特にラスト。この世界が「かわいい!」の園で幸せすぎるがゆえに、波のように押し寄せてきました。
 
ひょっとしたら人間心理を描く手法の一つとして秀でている(ペットと飼い主でも、動物同士の世界でも)からこんなにも動物系マンガが盛り上がっているのかしら、と思いましたがそこまで足を踏み込んでいるわけじゃないのでなんとも言えません。
少なくともこの作品だからこそ描ける人間の心理はあるな、と感じました。
疲れてしまった時などに、人間じゃないから逃げ込める場所であり、同時に人間じゃないから一歩深く入った世界も見ることが出来る。素敵なマンガだと思います。
 

お母さんは水の中
あにスペWEBlog
お母さんは水の中 (hiyo_kin) on Twitter
動物マンガはホント世界が広くてどこから手をつけていいか分からないんですが、こういう面白いマンガがあるなら色々足を踏み入れてみたいなあ。
Twitter / すいーとポテト: お母さんと水の中を読みきった。ひよきんが微笑ましく可 ...

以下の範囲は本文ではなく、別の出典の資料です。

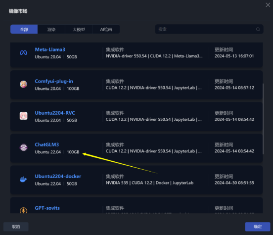 星海AI-GPU平台内提供的GPU均满足ChatGLM3-6B运行需求,可任意选择GPU创建实例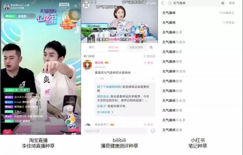 最近,元气森林也进入了李佳琦直播间,开始布局淘宝直播,集美们纷纷表示难买。李佳琦等淘系主播带货、小红书达人以图文形式进行包装、口味种草,B站、抖音借助短视频进行成分党测评,元气森林的全渠道布局,口碑带动销售,已经初见成效。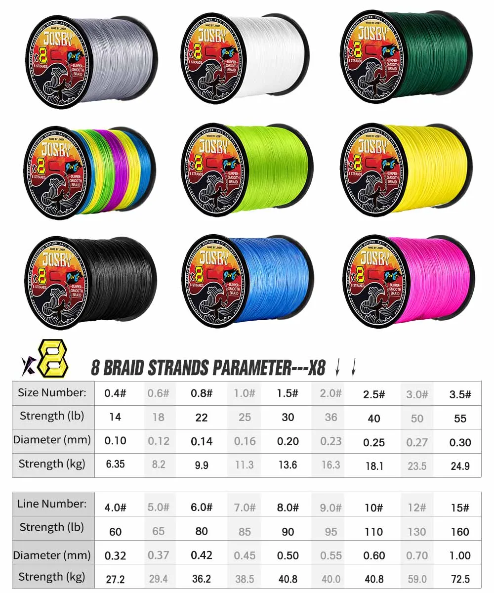 Номер лески: 0,8 #; 1,0 #; 1,5 #; 2,0 #; 2,5 #; 3,0 #; 3,5 #; 4,0 #; 5,0 #; 6,0 #; 8,0 #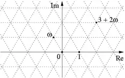 Assim como os inteiros de Gauss formam um ladrilhamento quadrado no plano complexo, os inteiros de Eisenstein formam um ladrilhamento triangular.

お母さんと水の中を読みきった。ひよきんが微笑ましく可愛い。お母さんになりたがるひよこの片鱗が見える場面が好き。おねしょ話の最後の夢が感動的。小難しく言えば、生物学的な異端を自然に受け入れることにより、その差異の強化を強力に行えるということですね。

絶対有り得ない話をさらっと描くからこそ、リアルな問題に直面したときの金魚とひよこの関係が浮き彫りになりまくります。切なくも、あるよね。